L'identità cristiana è tutta ricevuta dal Cristo e diventa tanto più vera quanto più sa spogliarsi di se stessa per essere piena di Lui. Il sale dà sapore sciogliendosi e la luce deve illuminare la casa: l'identità cristiana è quella di Cristo che deve morire per generare nuova vita. I discepoli di Cristo sono chiamati a seguire lui che come il seme muore per generare vita nuova.
La comunità di Matteo che sta cercando la propria identità per immergersi nel grande mondo sa che la trova soltanto non con il progetto di creare un altro mondo, ma, vivendo con Cristo e di Cristo, entrando nel cuore del mondo, della storia sempre nuova, morendo con lui, per svelare al mondo che solo il suo amore dà sapore e luce ad una realtà che da sola, rischia di continuare a vagare nella tenebra.
Omelia di mons. Gianfranco Poma
Noi del Vangelo, gente che accarezza la vita
Gesù ha appena finito di proclamare il vertice del suo messaggio, le beatitudini, e aggiunge, rivolto ai suoi discepoli e a noi: se vivete questo, voi siete «sale e luce della terra».
Una affermazione che ci sorprende: che Dio sia luce del mondo lo abbiamo sentito, il Vangelo di Giovanni l'ha ripetuto, ci crediamo; ma sentire - e credere - che anche l'uomo è luce, che lo siamo anch'io e tu, con tutti i nostri limiti e le nostre ombre, questo è sorprendente.
E non si tratta di una esortazione di Gesù: siate, sforzatevi di diventare luce, ma: sappiate che lo siete già. La candela non deve sforzarsi, se è accesa, di far luce, è la sua natura, così voi. La luce è il dono naturale del discepolo ha respirato Dio. Incredibile la stima, la fiducia negli uomini che Gesù comunica, la speranza che ripone in noi. E ci incoraggia a prenderne coscienza: non fermarti alla superficie di te stesso, al ruvido dell'argilla, cerca in profondità, verso la cella segreta del cuore, scendi nel tuo centro e là troverai una lucerna accesa, una manciata di sale. Voi che vivete secondo il Vangelo siete «una manciata di luce gettata in faccia al mondo» (Gigi Verdi). E lo siete non con la dottrina o le parole, ma con le opere: risplenda la vostra luce nelle vostre opere buone.

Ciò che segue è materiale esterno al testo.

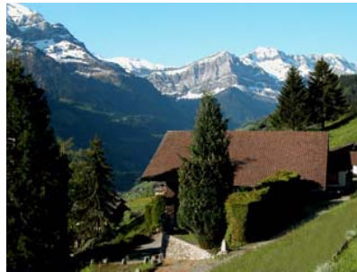
View of the chalet la Bergerie in spring

A magnificent home totalling over 350 sq. meters, this fully furnished chalet includes an upper salon with grand piano, premium stereo equipment, satellite TV and large fire-place. An entertainment room as well as a formal dining room and an Internet corner are located on the ground floor. The house also includes 5 double bedrooms, 3 bathrooms and an eat-in kitchen. For the winter season 2010-2011 a sauna and a rest room will also be available.

Tu puoi compiere opere di luce! E sono quelle dei miti, dei puri, dei giusti, dei poveri, le opere alternative alle scelte del mondo, la differenza evangelica offerta alla fioritura della vita. Quando tu segui come unica regola di vita l'amore, allora sei Luce e Sale per chi ti incontra. Quando due sulla terra si amano diventano luce nel buio, lampada ai passi di molti. In qualsiasi luogo dove ci si vuol bene viene sparso il sale che dà sapore buono alla vita.
Isaia suggerisce la strada perché la luce sia posta sul candelabro e non sotto il moggio. Ed è tutto un incalzare di verbi: Spezza il tuo pane, Introduci in casa lo straniero, vesti chi è nudo, non distogliere gli occhi dalla tua gente. Allora la tua luce sorgerà come l'aurora, la tua ferita si rimarginerà in fretta.

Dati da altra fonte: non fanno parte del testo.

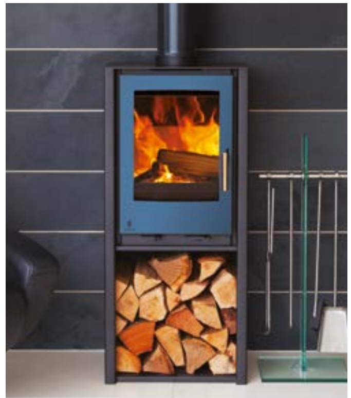
i400 Freestanding Tall with Sky Blue door. Mid and Tall models feature an integrated log store, removing the need for a log basket.

Illumina altri e ti illuminerai, guarisci altri e guarirai. Non restare curvo sulle tue storie e sulle tue sconfitte, ma occupati della terra, della città dell'altro, altrimenti non diventerai mai un uomo o una donna radiosi. Chi guarda solo a se stesso non si illumina mai.
Allora sarai lucerna sul lucerniere, ma secondo le modalità proprie della luce, che non fa rumore e non violenta le cose. Le accarezza e fa emergere il bello che è in loro. Così «noi del Vangelo» siamo gente che ogni giorno accarezza la vita e ne rivela la bellezza nascosta.
Omelia di padre Ermes Ronchi
La luce della testimonianza
Gesù dice ai discepoli che sono sale della terra e luce del mondo. Siamo ancora all'inizio della predicazione evangelica, e senza dubbio i discepoli non possono vantare una esemplare condotta da "uomini delle beatitudini". E tuttavia Gesù insiste: "Se il sale perde il sapore, con che cosa lo si potrà rendere salato?". In questo interrogativo è nascosta una domanda di responsabilità. Gesù sembra dire: "Non ho altro che voi per l'annuncio del Vangelo", oppure: "Se il vostro comportamento è insipido e senza gusto, non ho altro rimedio per l'annuncio evangelico". È quel che accade se la lucerna accesa viene posta sotto il secchio (a volte, rovesciato, serviva anche da mensola). Anche in questo caso non c'è rimedio, si resta al buio. Tutto ciò non era vero solo allora, lo è altrettanto oggi.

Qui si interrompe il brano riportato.